Дома Генри сказал ей:
– Не стоит больше говорить Сюзанне, что она ошиблась.
– Да черт побери, – сказала Оливия. – Я буду говорить ей все, что мне вздумается!
Однако приготовила яблочный мусс и отвезла им.
Они не были женаты и четырех месяцев, когда Кристофер однажды позвонил с работы.
– Слушай, – сказал он. – Мы с Сюзанной переезжаем в Калифорнию.
Мир Оливии перевернулся. Как если бы она думала, к примеру, думала: вот это дерево, а это кухонная плита – в то время как это было бы вовсе не дерево и никакая не плита. Когда она увидела табличку «Продается» перед домом, который они с Генри построили для Кристофера, в сердце ей словно вонзились длинные острые щепки. Иногда она рыдала так, что пес подвывал, и дрожал, и тыкался холодным носом в ее локоть. Она орала на пса. Орала на Генри.
– Хочу, чтоб она сдохла, – говорила Оливия. – Просто сдохла, прямо сейчас.
И Генри не корил ее.
Почему Калифорния? Зачем так далеко, через всю огромную страну?
– Я люблю солнце, – сказала Сюзанна. – Осень в Новой Англии хороша первые две недели, а потом опускается тьма, и… – Она улыбнулась и повела плечом. – Мне просто это не нравится, вот и все. А вы к нам скоро приедете.
Переварить это было непросто. Генри к тому времени уже не работал в аптеке. Он ушел на пенсию раньше, чем собирался (арендная плата подскочила до небес, и здание продали большой сетевой аптеке), и часто пребывал в растерянности, не зная, чем заполнить свои дни. Оливия, вышедшая на пенсию пятью годами раньше, после долгих лет преподавания математики в школе, все повторяла ему: «Составь себе распорядок дня и не отступай от него».

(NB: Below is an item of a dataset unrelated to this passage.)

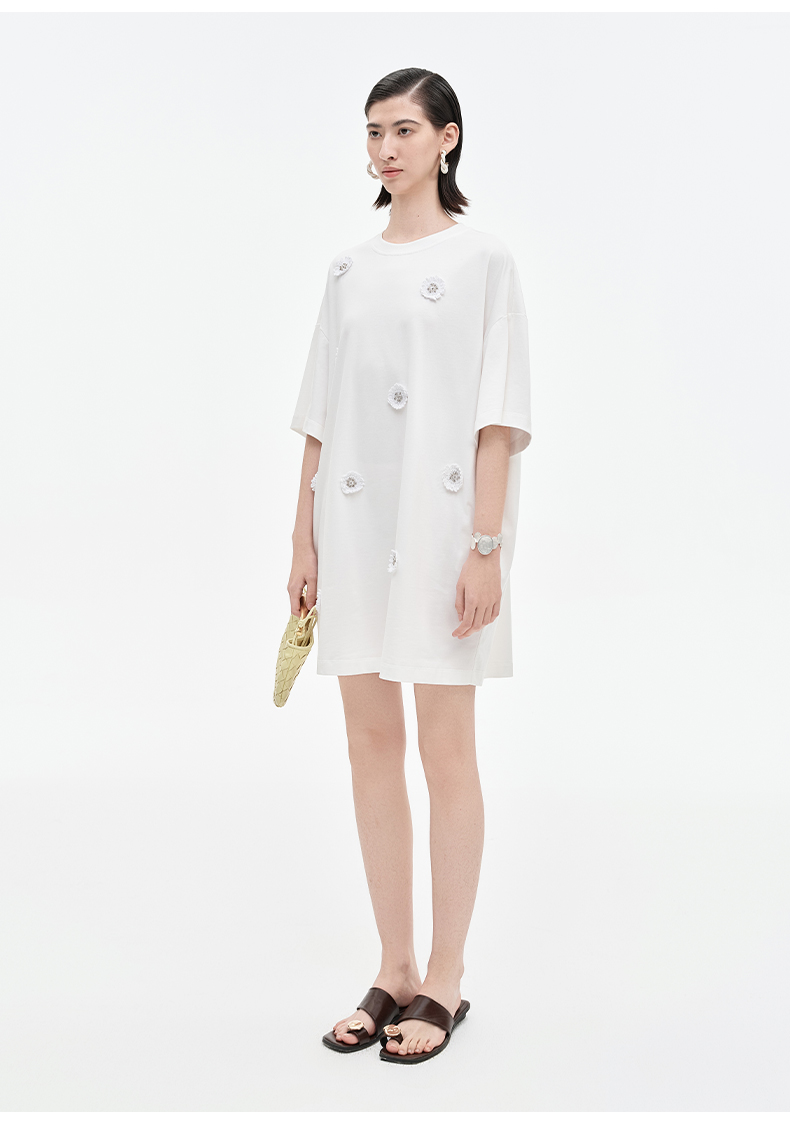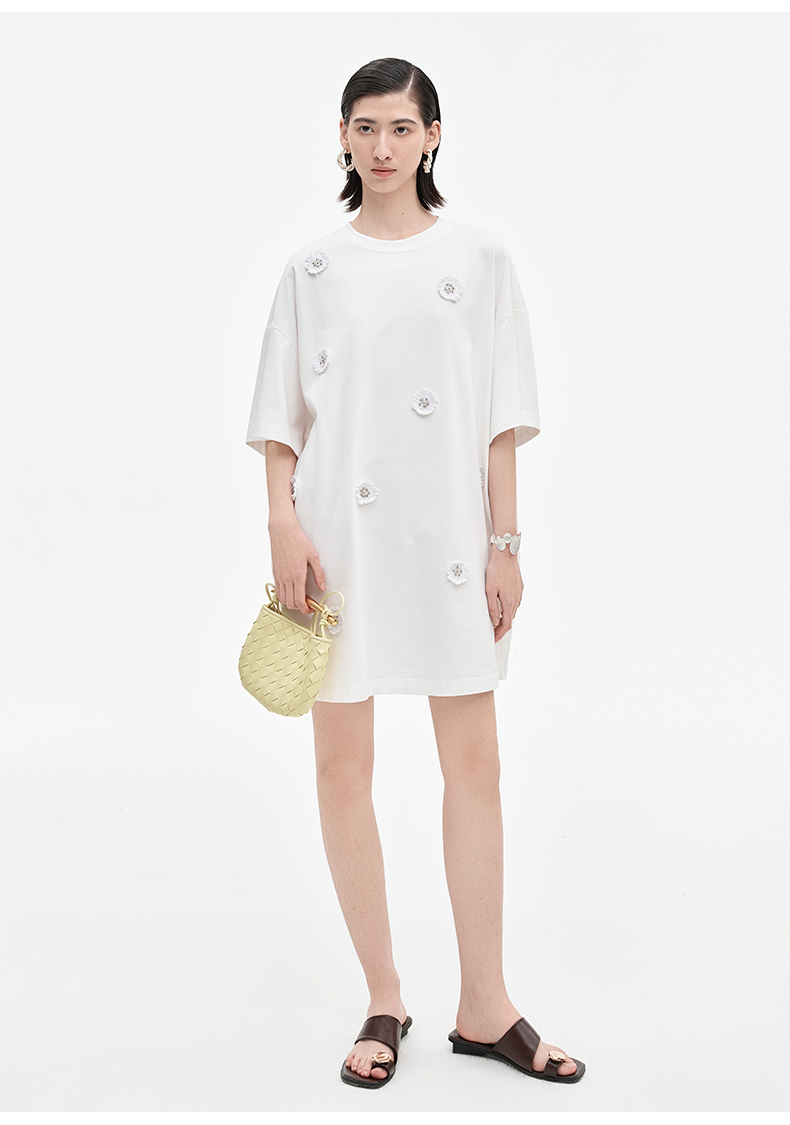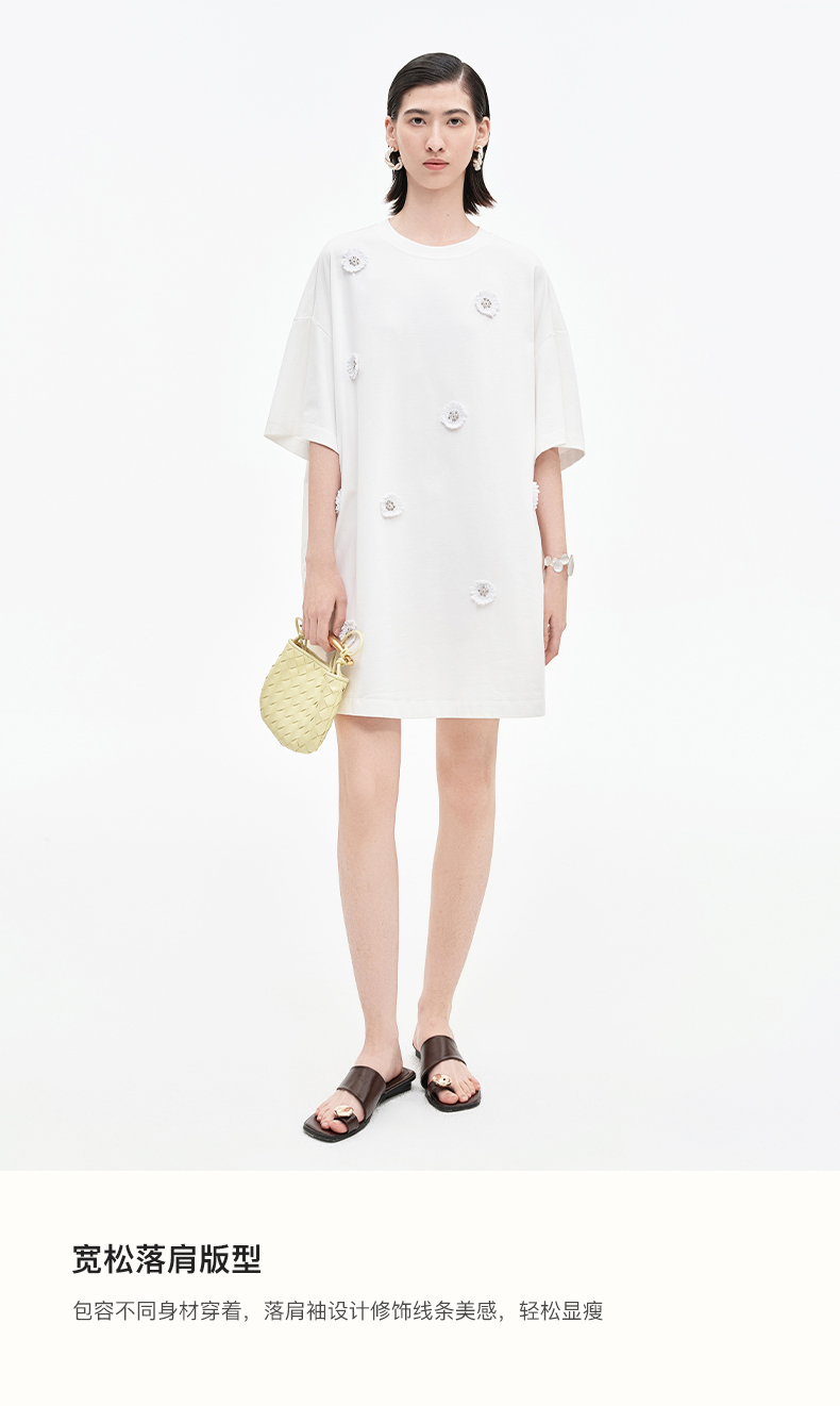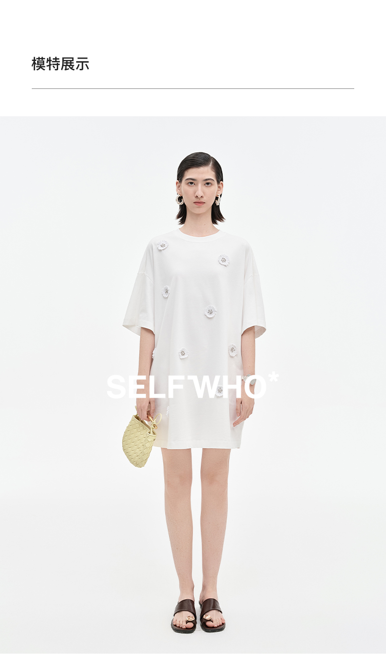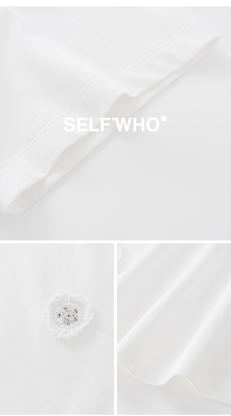 SELFWHO新疆精梳棉钩花钉珠连衣裙女2025夏新款宽松落肩两穿T恤裙

Так что Генри записался на вечерние курсы деревообработки в Портленде, и поставил в подвале станок, и постепенно изготовил четыре неровные, зато красивые кленовые салатницы. А Оливия, обложившись каталогами, заказала сто луковиц тюльпанов. Они вступили в Американское общество Гражданской войны – прадедушка Генри участвовал в битве при Геттисберге, в доказательство чего у них в сундуке имелся старинный пистолет, – и раз в месяц ездили в Белфаст, где все садились в кружок и слушали лекции о сражениях, героях и так далее. Это было интересно. Это помогало. Они болтали с другими членами общества Гражданской войны, потом, по темноте, отправлялись домой и проезжали мимо дома Ларкинов, где не горел свет. Оливия качала головой.
– Я всегда думала, что у Луизы не хватает пары заклепок, – говорила она.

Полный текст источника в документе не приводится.